With the sun beating down hard it actually made photographing these tall but thinly-etched headstones difficult, but Shelley can attest I made my best attempt! I came home with over 1700 photos on this trip. You will see quite the funeral art evolution over the next few posts.

OOH! This was cool! Meet Joseph Palmer! His marker is inscribed "Persecuted for wearing the beard". Funny side note: a friend posted later this same day that he was having a "bad beard day" so I shared this picture - Chef Curt lost.

Several more roadside stops!

Tomb of Johnny Appleseed - Leominster
Mary and her lamb actually lived in Sterling and her 1st grade classmate wrote the poem. Rub the lamb's ears for luck!

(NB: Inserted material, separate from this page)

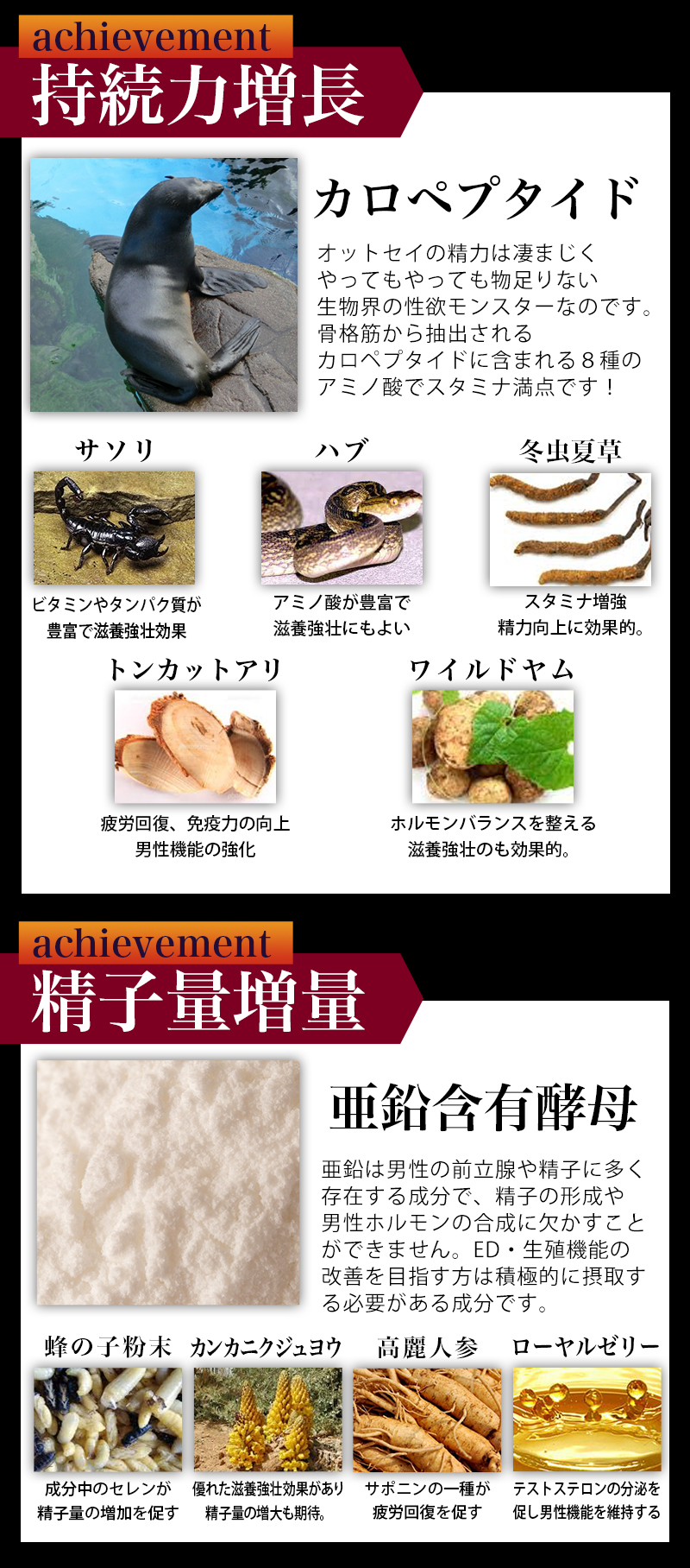 亜鉛含有酵母、カロペプタイド(乳糖、オットセイ骨格筋抽出物)(乳成分を含む)、サソリ末、ハブ粉末、ブラックジンジャー抽出物(ブラックジンジャー抽出物、デキストリン)、馬睾丸エキス末 / セルロース、ステアリン酸カルシウム、微粒酸化ケイ素、L-アルギニン、シクロデキストリン

Mary Had a Little Lamb - Sterling

In case you were wondering, we did still find time to do the cemetery series. Look at this view!

Ok, whatever you do, don't show this to Portah. If my Mainah friend found out I had a Lobster Roll at McDonald's she would flip! But, damn, it was good! And we greatly needed a break at this point.

Ok, I've shared some interesting photos around the NCMCS series, but I'm going to blatantly admit it.... 4/10th of a mile down this trail in one of the eight finals. The reason for my look of panic is they were coming for me! Big, bad, biting flies! One so large it looked like a broach on my chest! #leastfavoritespot

Things got a little spacey when we pulled into one cemetery and spied these metal monuments. Cool, eh? Quite different from the slate ones, right?

Did you see one of the local Keepers of the Cache?

He can't read signs. He missed this one by 100 feet.

I think he was heading here...

Many more finds, many more puzzles, and mix in one more minor panic attack... and we had the final in hand. With so many intricacies, even with the final log, we were hesitant to hoot in celebration. Was there one more stop? Another clue? We even messaged the CO.

How do you celebrate the end of an awesome day? Selfie with the Mohawk Motors Indian (Muffler Man)! SCOOK would be so proud!

ShelleyJean and scrapcat
Thank you, Hyliston, for creating this fabulous experience! And thank you for the beautiful geocoin!